PROVIDED DATA

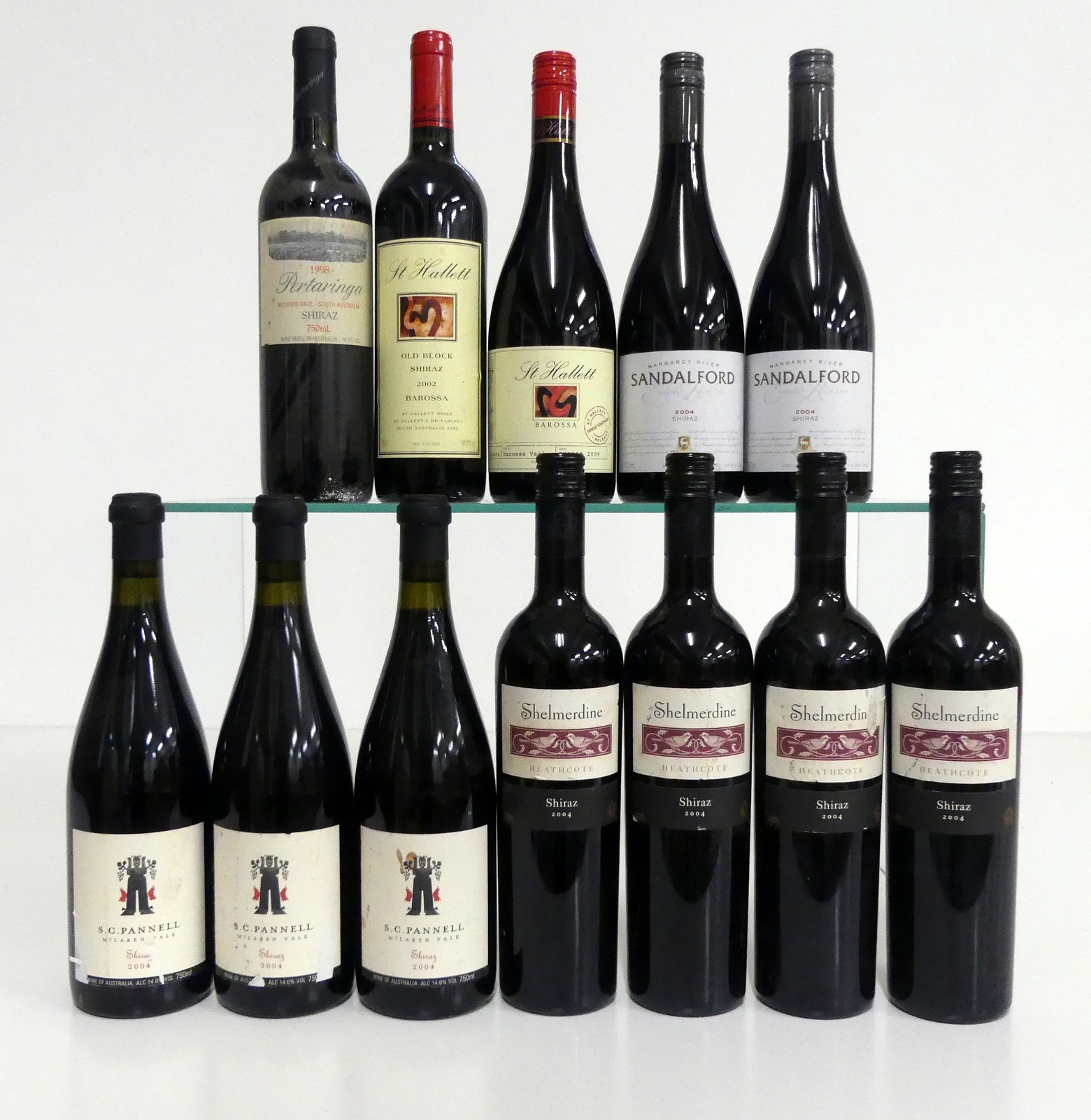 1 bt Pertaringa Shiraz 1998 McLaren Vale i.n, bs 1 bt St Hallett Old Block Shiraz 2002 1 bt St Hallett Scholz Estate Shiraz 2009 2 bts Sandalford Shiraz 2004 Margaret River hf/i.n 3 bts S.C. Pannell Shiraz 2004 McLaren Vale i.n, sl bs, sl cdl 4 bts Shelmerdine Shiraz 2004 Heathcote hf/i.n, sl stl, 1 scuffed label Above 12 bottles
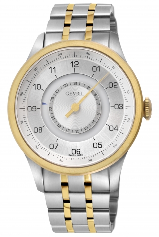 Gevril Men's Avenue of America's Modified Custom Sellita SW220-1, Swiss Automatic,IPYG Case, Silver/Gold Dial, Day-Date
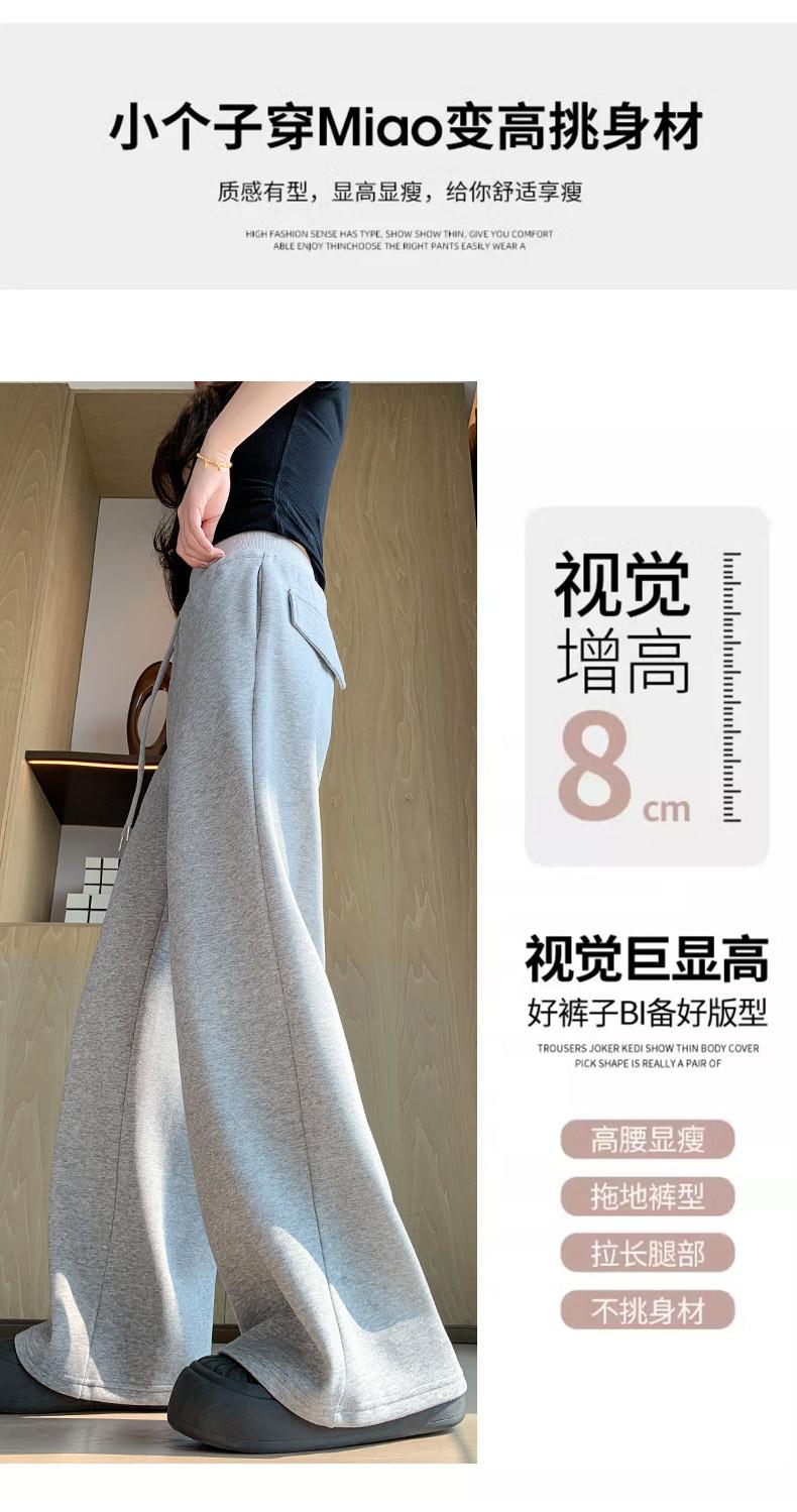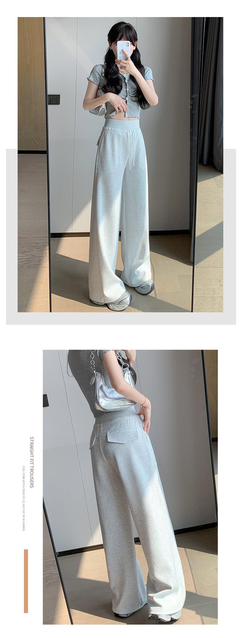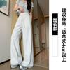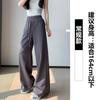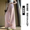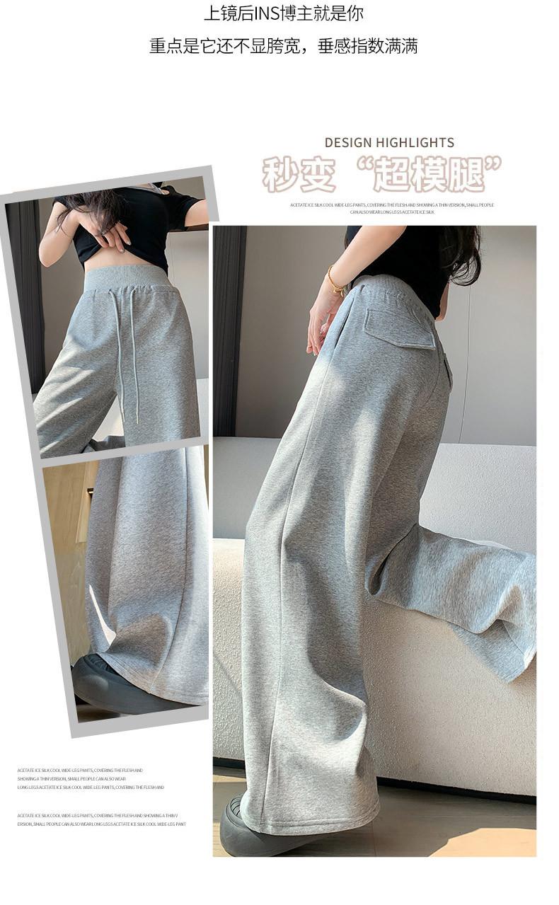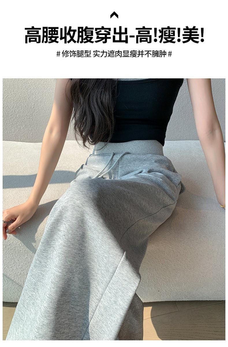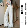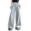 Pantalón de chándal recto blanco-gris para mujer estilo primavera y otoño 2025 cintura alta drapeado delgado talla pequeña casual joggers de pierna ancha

HOW TO COMPLETE THIS TASK
Copy all of the data word for word, and keep the pictures out of it.

EXERCISE RESPONSE
 1 bt Pertaringa Shiraz 1998 McLaren Vale i.n, bs 1 bt St Hallett Old Block Shiraz 2002 1 bt St Hallett Scholz Estate Shiraz 2009 2 bts Sandalford Shiraz 2004 Margaret River hf/i.n 3 bts S.C. Pannell Shiraz 2004 McLaren Vale i.n, sl bs, sl cdl 4 bts Shelmerdine Shiraz 2004 Heathcote hf/i.n, sl stl, 1 scuffed label Above 12 bottles
 Gevril Men's Avenue of America's Modified Custom Sellita SW220-1, Swiss Automatic,IPYG Case, Silver/Gold Dial, Day-Date
 Pantalón de chándal recto blanco-gris para mujer estilo primavera y otoño 2025 cintura alta drapeado delgado talla pequeña casual joggers de pierna ancha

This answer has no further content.